Jakarta, Indonesiawatch.id – Kementerian ESDM beranggapan bahwa lahan eks Perjanjian Karya Pengusahaan Pertambangan Batubara (PKP2B) tidak masuk Wilayah Pencadangan Negara (WPN). Karena itu bagi Kementerian ESDM, pemberian izin tambang eks PKP2B untuk Ormas Keagamaan tidak perlu persetujuan DPR RI.
“Eks PKP2B itu adalah WUPK (Wilayah Usaha Pertambangan Khusus). Kan sudah diatur di dalam PP No.25 tahun 2024, bahwa akan bisa diberikan kepada ormas,” kata Staf Ahli Bidang Ekonomi Sumber Daya Alam Kementerian ESDM, Lana Saria setelah menghadiri kegiatan diskusi bertajuk Polemik Pemberian Izin Pengelolaan Tambang kepada Ormas Keagamaan, di kompleks DPR RI (26/06).

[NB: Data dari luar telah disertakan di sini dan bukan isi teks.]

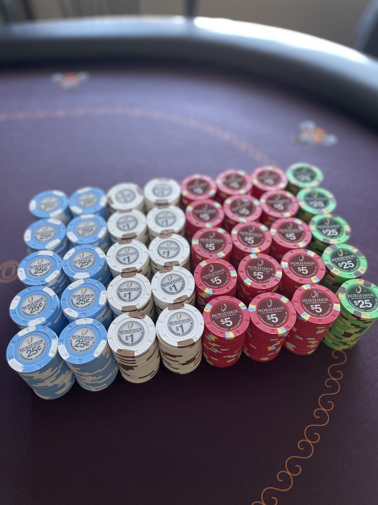 The secondary rack of hundreds is for when the 25+ are used for tounament chips and then this leave the secondary 100s for alternative cash chips in case I exceed the 5's however unlikely that is.

Menurutnya, karena tambang eks PKP2B tidak masuk ke WPN, sehingga tidak ada kewajiban meminta persetujuan DPR. “Kalau WUPK tanpa persetujuan DPR. Kalau persetujuan DPR, itu WPN,” ujar Lana.
Lana mengatakan bahwa tambang eks PKP2B bisa langsung menjadi WUPK. “Nggak, nggak, (perlu minta izin ke DPR). Dibaca lagi Undang-Undangnya,” kata Lana saat dikejar setelah acara tadi.
Lana juga menjelaskan bahwa presiden akan menerbitkan Perpres yang mengatur tentang penatagunaan lahan, termasuk lahan tambang. “Sekarang posisi Perpresnya masih di Menteri Investasi,” kata mantan Direktur Pembinaan Pengusahaan Batubara Ditjen Minerba itu.
Menanggapi pernyataan Lana tersebut, mantan Direktur Jenderal Minerba Kementerian ESDM, Simon Sembiring, mengatakan bahwa yang perlu membaca Undang-Undang Minerba justru pihak Kementerian ESDM. Pasalnya menurut Simon, tambang eks PKP2B seharusnya masuk WPN terlebih dahulu.
“Oleh karena itu dalam UU No.4/2009 tentang minerba, ditentukan bahwa luas IUPK operasi produksi hanya bisa 15.000 Hektar. Dengan maksud sisa wilayah PKP2B dan KK dikembalikan kepada negara dan menjadi WPN. Bila akan diusahakan WPN tersebut harus terlebih dahulu meminta persetujuan DPR akan jadi WIUPK dan IUPK dan diprioritaskan kepada BUMN dan BUMD,” ujar Simon.